**EXTRACTED MATERIAL**:
◇ ◇ ◇

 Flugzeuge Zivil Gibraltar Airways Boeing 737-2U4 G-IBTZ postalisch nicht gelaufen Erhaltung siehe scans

◇ ◇ ◇

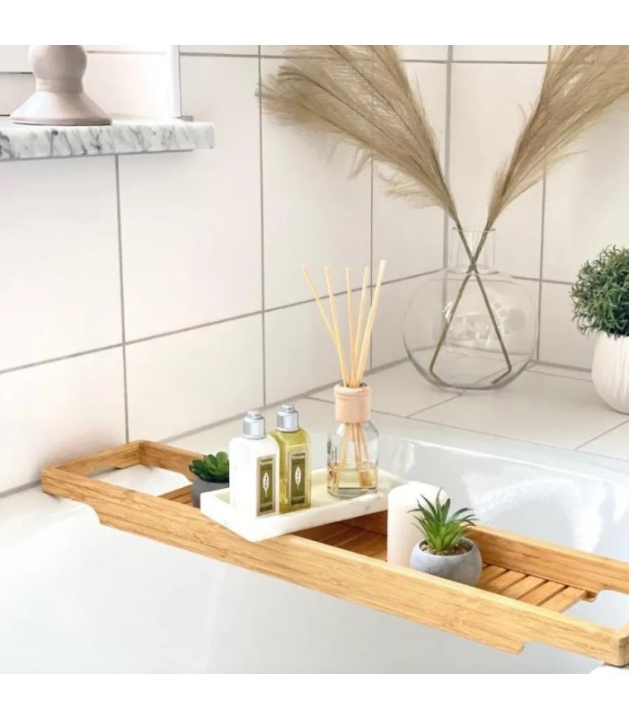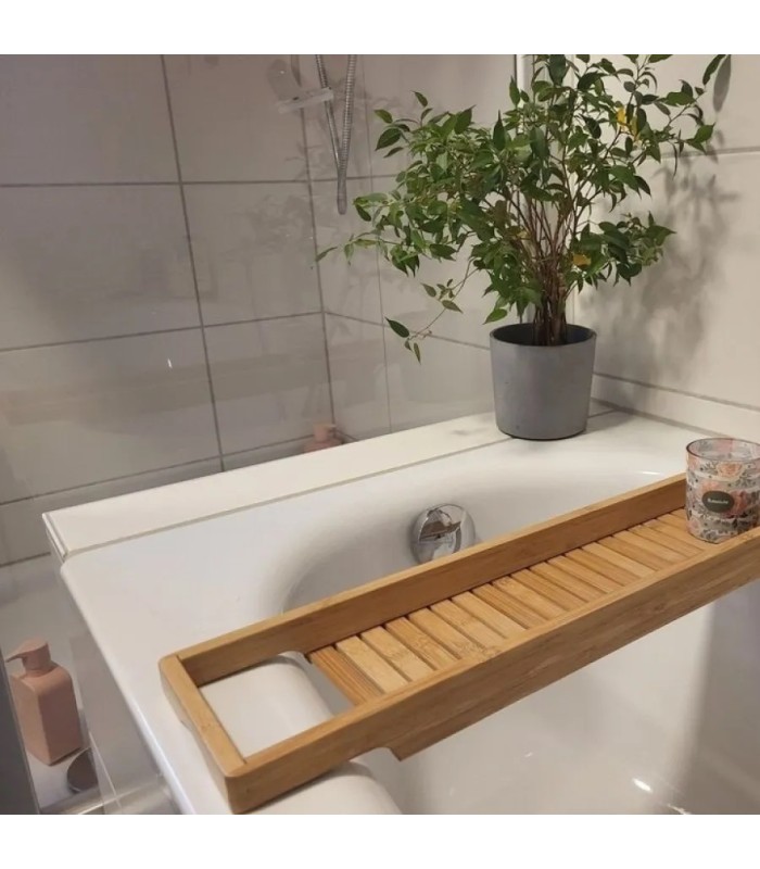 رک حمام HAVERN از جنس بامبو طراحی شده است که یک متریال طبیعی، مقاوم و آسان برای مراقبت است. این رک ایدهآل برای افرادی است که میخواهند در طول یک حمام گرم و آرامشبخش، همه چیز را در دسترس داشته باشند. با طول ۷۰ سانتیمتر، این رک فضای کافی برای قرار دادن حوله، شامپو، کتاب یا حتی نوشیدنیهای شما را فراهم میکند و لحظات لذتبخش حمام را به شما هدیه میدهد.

◇ ◇ ◇

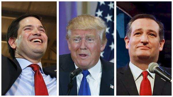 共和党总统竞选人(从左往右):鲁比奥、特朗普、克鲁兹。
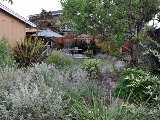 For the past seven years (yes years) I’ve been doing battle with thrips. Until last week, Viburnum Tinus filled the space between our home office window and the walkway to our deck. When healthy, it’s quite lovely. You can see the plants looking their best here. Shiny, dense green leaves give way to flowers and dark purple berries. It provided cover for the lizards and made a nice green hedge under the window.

◇ ◇ ◇

**PROBLEM DESCRIPTION**: Only one stretch of the material above is wanted: the line containing "共和党总统竞选人(从左往右):鲁比奥、特朗普、克鲁兹。" through the line containing "For the past". Restate it word for word, minus the pictures.

**RESULT OF THIS EXERCISE**:
 共和党总统竞选人(从左往右):鲁比奥、特朗普、克鲁兹。
 For the past seven years (yes years) I’ve been doing battle with thrips. Until last week, Viburnum Tinus filled the space between our home office window and the walkway to our deck. When healthy, it’s quite lovely. You can see the plants looking their best here. Shiny, dense green leaves give way to flowers and dark purple berries. It provided cover for the lizards and made a nice green hedge under the window.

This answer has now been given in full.